[Directions for this task] What are the lines below, starting at the line containing "Ferrari Roma 3.8" and ending at the line containing "- Laad opgeslagen"? Write them out exactly, ends included, without pictures.

----------

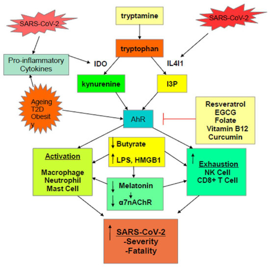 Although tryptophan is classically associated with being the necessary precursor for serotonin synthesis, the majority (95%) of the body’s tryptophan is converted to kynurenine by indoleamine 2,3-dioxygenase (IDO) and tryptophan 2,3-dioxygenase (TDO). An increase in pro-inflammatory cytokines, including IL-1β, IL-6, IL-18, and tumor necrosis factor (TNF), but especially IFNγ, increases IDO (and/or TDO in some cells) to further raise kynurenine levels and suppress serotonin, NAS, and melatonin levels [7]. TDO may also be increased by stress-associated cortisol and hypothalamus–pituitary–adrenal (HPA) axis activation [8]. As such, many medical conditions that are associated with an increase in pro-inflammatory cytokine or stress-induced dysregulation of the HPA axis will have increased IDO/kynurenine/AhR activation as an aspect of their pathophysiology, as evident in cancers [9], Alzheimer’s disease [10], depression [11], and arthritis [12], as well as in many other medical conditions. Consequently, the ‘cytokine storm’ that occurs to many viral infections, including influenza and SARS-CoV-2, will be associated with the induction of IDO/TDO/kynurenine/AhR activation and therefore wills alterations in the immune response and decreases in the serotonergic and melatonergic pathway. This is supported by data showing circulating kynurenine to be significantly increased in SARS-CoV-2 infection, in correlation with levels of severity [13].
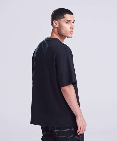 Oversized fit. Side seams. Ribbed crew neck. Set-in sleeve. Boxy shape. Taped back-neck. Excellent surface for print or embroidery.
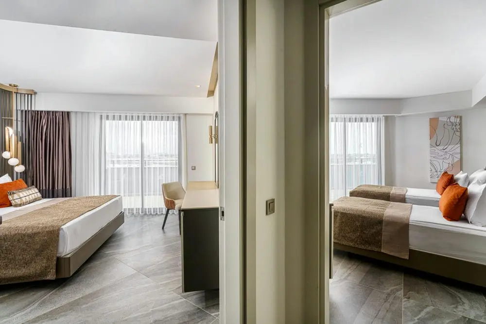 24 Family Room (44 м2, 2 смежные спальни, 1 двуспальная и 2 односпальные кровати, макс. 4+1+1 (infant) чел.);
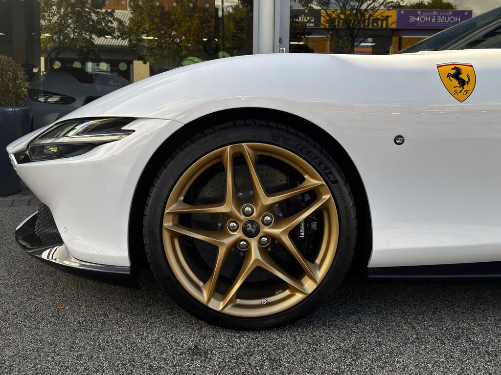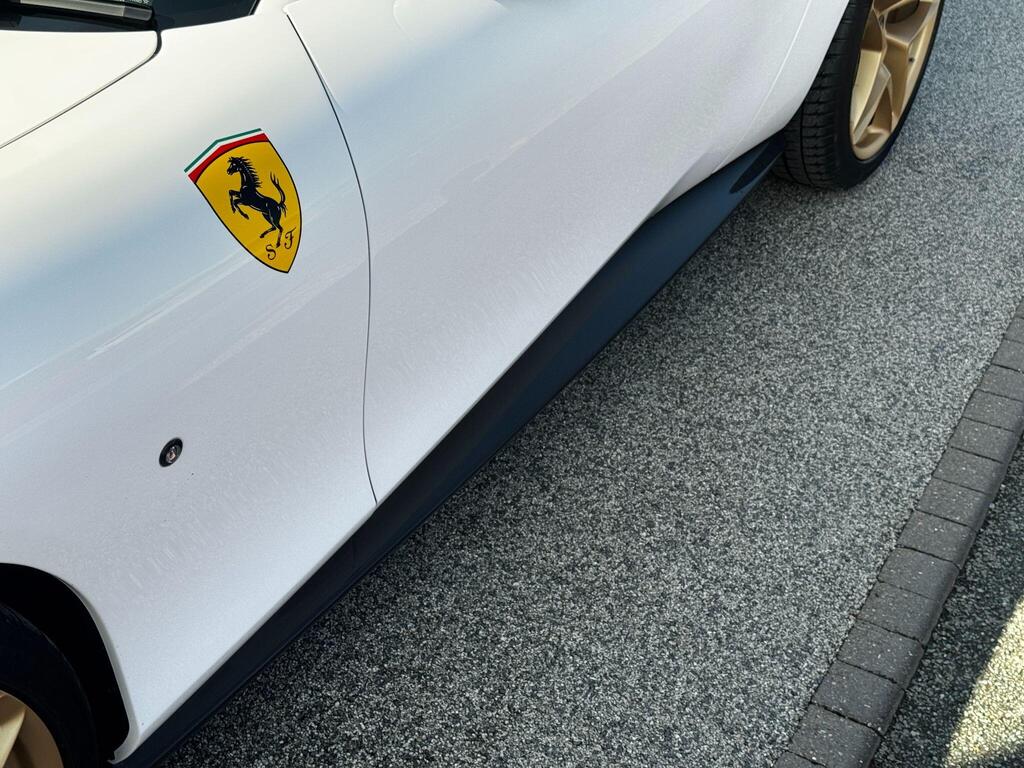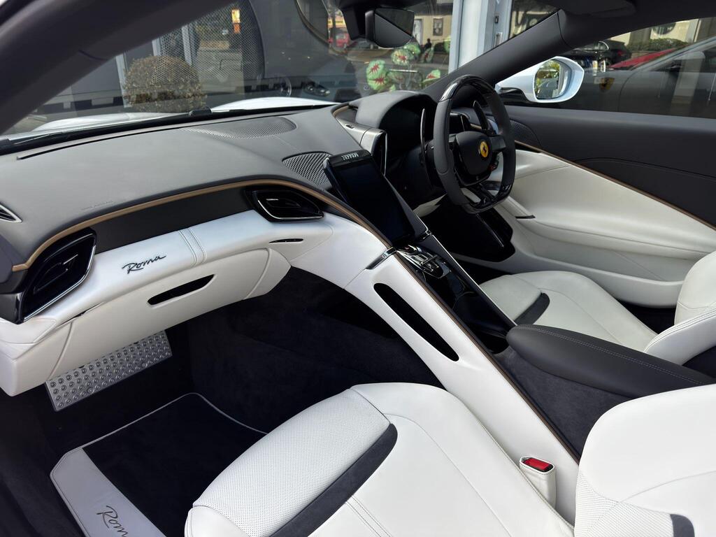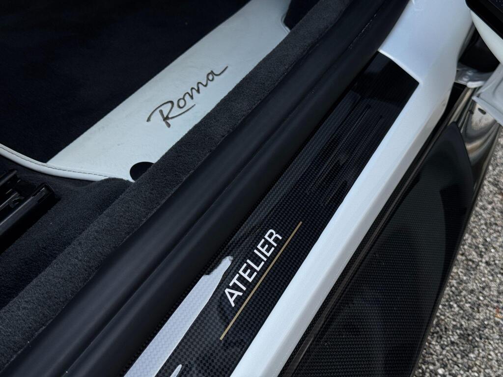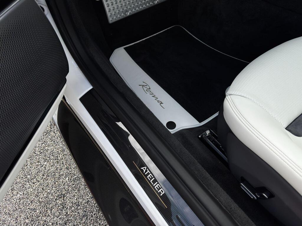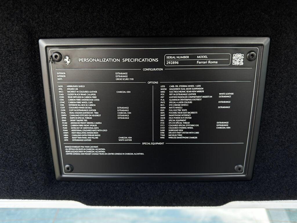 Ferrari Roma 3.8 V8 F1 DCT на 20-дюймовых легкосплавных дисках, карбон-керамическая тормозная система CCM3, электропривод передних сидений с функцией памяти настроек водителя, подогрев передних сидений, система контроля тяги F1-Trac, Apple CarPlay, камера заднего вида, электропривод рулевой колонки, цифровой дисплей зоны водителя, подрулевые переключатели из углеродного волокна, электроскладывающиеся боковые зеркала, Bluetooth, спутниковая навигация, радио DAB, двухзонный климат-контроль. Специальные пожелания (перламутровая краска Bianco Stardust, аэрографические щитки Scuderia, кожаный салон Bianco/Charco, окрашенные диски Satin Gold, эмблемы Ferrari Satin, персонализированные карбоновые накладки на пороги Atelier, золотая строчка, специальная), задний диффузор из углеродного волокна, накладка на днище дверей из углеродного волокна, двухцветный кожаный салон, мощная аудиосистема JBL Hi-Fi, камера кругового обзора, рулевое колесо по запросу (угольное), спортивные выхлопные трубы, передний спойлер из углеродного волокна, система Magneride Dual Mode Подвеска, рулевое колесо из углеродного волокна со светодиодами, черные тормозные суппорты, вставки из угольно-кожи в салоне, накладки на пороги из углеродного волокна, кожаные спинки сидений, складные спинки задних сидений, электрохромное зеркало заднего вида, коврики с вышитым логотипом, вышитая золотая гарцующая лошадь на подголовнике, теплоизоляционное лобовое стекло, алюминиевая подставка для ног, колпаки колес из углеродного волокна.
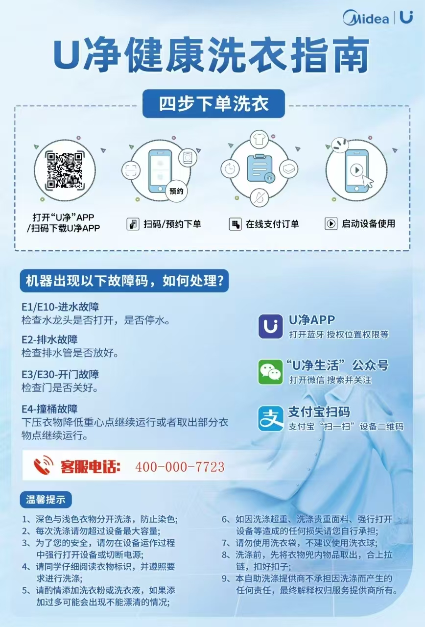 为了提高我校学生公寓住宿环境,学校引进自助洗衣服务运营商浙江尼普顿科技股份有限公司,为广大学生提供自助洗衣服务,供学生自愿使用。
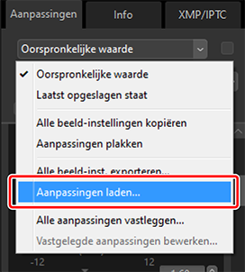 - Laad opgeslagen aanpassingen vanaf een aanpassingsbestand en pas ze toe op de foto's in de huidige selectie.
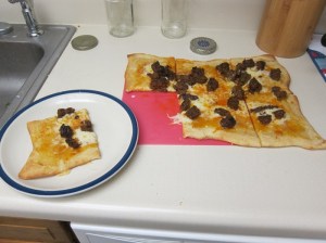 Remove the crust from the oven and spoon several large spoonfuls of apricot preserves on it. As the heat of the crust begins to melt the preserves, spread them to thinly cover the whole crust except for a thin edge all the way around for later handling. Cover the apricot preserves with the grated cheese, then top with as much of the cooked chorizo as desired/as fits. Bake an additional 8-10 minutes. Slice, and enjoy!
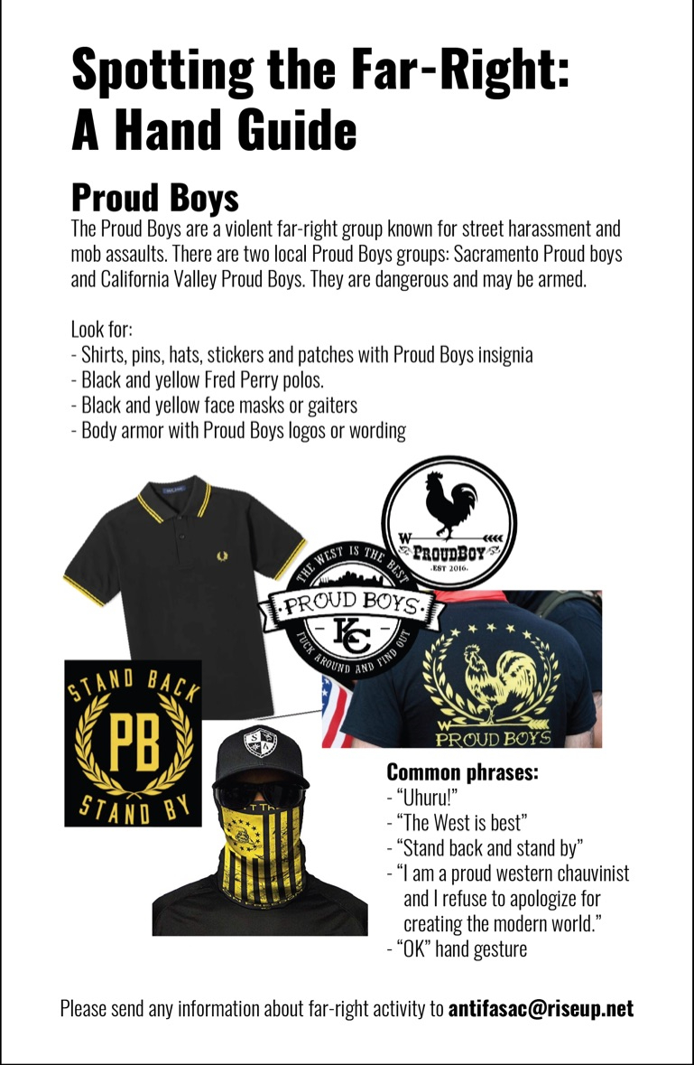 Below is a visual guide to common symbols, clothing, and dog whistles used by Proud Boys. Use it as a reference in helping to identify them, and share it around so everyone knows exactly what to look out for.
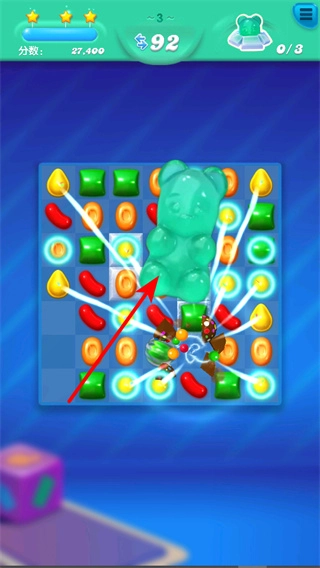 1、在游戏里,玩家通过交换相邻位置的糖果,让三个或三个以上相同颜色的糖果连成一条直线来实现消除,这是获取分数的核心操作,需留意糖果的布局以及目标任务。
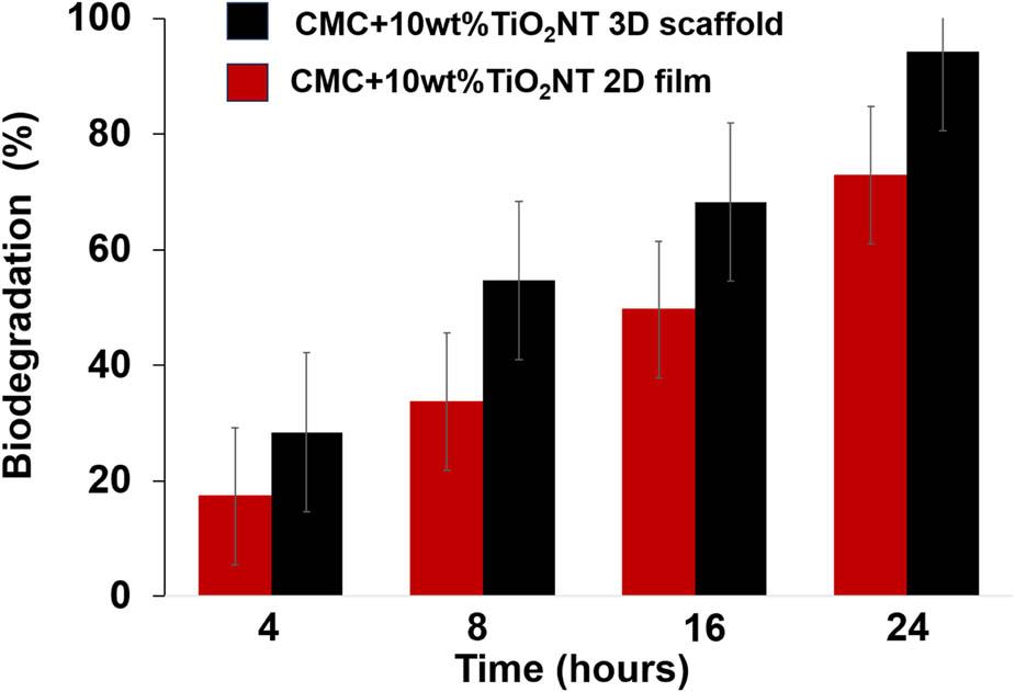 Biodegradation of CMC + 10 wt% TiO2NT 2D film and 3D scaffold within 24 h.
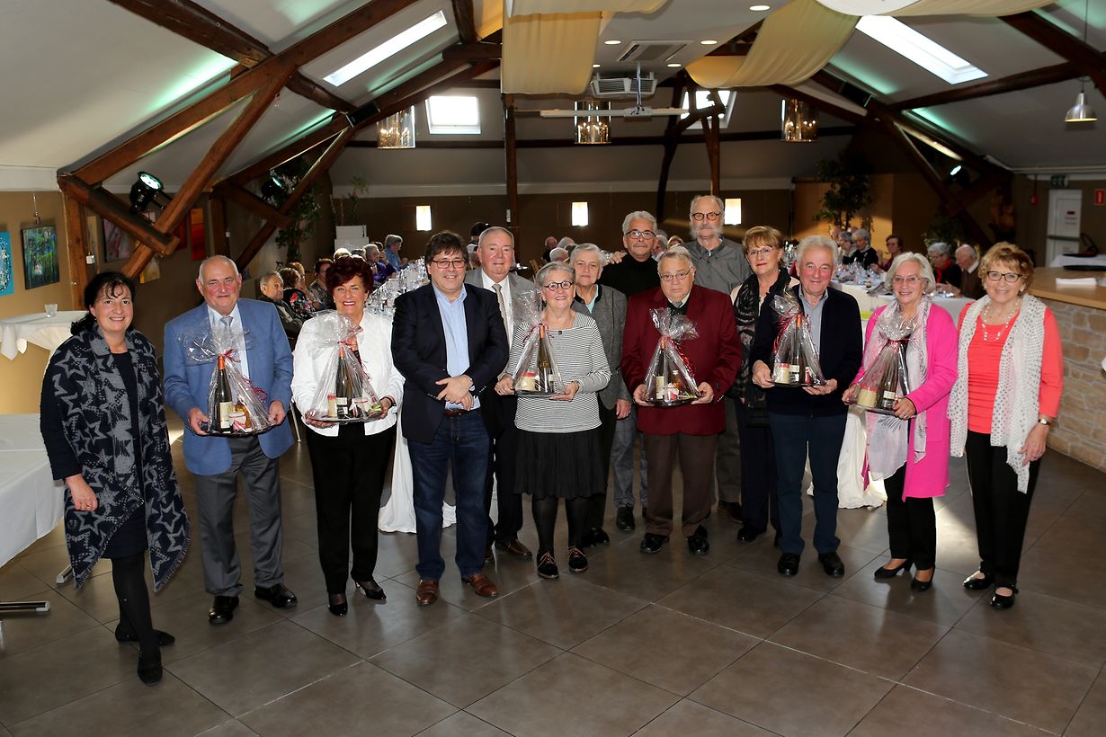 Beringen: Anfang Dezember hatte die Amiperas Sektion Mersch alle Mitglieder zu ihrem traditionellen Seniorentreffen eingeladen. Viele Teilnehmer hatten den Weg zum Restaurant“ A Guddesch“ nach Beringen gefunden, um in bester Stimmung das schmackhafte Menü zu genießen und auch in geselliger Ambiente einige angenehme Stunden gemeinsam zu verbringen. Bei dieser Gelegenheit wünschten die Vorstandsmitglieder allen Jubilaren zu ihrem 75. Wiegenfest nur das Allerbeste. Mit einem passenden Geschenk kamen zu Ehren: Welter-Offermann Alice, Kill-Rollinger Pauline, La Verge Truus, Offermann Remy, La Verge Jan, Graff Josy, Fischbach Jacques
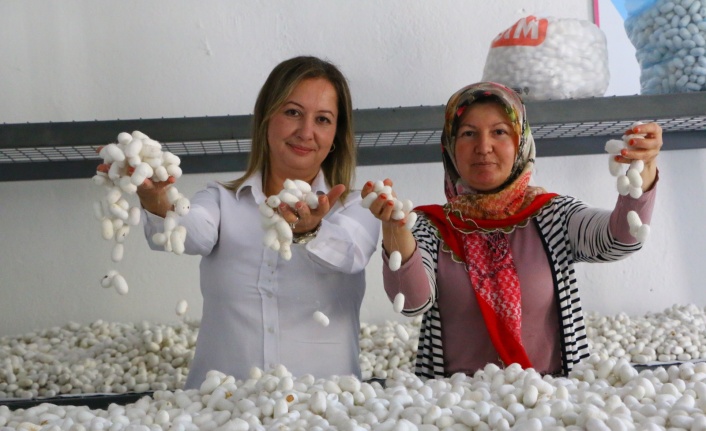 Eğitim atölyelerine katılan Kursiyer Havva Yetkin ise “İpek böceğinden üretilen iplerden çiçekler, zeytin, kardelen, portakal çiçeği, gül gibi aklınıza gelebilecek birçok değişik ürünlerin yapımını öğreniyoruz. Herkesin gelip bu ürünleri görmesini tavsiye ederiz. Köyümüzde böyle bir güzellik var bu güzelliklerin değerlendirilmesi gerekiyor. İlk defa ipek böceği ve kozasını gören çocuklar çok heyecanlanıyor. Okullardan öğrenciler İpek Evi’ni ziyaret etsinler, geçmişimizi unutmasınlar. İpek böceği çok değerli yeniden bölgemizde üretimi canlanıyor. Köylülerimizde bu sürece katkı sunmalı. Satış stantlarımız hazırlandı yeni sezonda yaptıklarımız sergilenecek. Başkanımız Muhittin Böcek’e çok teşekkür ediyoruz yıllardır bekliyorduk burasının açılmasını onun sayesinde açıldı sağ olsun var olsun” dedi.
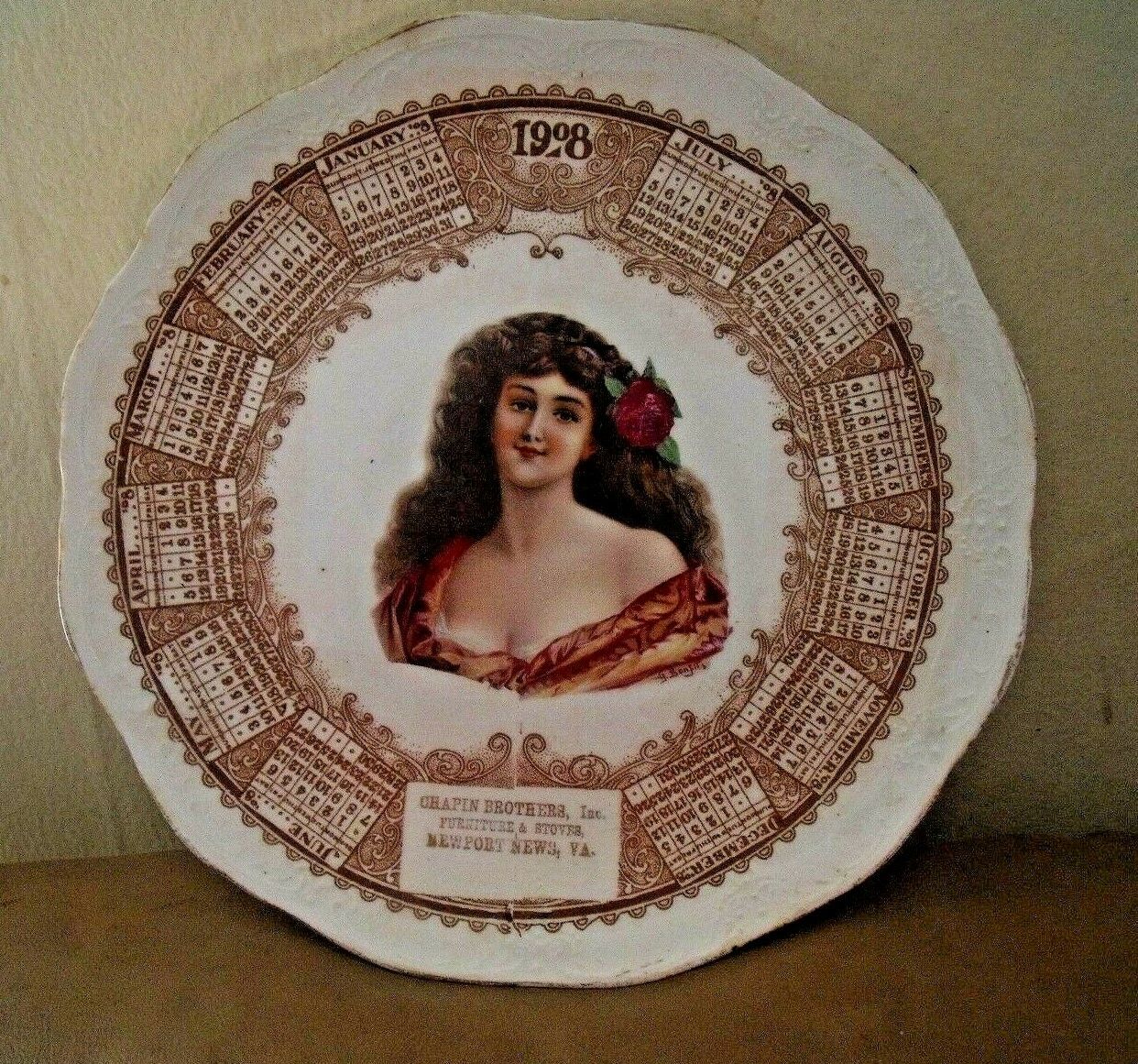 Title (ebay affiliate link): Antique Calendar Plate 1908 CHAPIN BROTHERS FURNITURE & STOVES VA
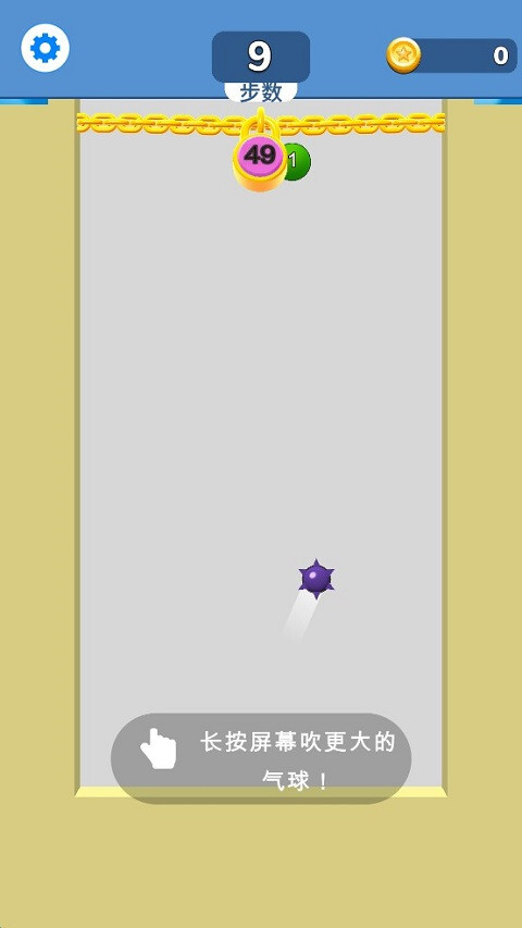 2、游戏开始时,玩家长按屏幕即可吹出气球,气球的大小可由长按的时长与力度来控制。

----------

[Response]
 Ferrari Roma 3.8 V8 F1 DCT на 20-дюймовых легкосплавных дисках, карбон-керамическая тормозная система CCM3, электропривод передних сидений с функцией памяти настроек водителя, подогрев передних сидений, система контроля тяги F1-Trac, Apple CarPlay, камера заднего вида, электропривод рулевой колонки, цифровой дисплей зоны водителя, подрулевые переключатели из углеродного волокна, электроскладывающиеся боковые зеркала, Bluetooth, спутниковая навигация, радио DAB, двухзонный климат-контроль. Специальные пожелания (перламутровая краска Bianco Stardust, аэрографические щитки Scuderia, кожаный салон Bianco/Charco, окрашенные диски Satin Gold, эмблемы Ferrari Satin, персонализированные карбоновые накладки на пороги Atelier, золотая строчка, специальная), задний диффузор из углеродного волокна, накладка на днище дверей из углеродного волокна, двухцветный кожаный салон, мощная аудиосистема JBL Hi-Fi, камера кругового обзора, рулевое колесо по запросу (угольное), спортивные выхлопные трубы, передний спойлер из углеродного волокна, система Magneride Dual Mode Подвеска, рулевое колесо из углеродного волокна со светодиодами, черные тормозные суппорты, вставки из угольно-кожи в салоне, накладки на пороги из углеродного волокна, кожаные спинки сидений, складные спинки задних сидений, электрохромное зеркало заднего вида, коврики с вышитым логотипом, вышитая золотая гарцующая лошадь на подголовнике, теплоизоляционное лобовое стекло, алюминиевая подставка для ног, колпаки колес из углеродного волокна.
 为了提高我校学生公寓住宿环境,学校引进自助洗衣服务运营商浙江尼普顿科技股份有限公司,为广大学生提供自助洗衣服务,供学生自愿使用。
 - Laad opgeslagen aanpassingen vanaf een aanpassingsbestand en pas ze toe op de foto's in de huidige selectie.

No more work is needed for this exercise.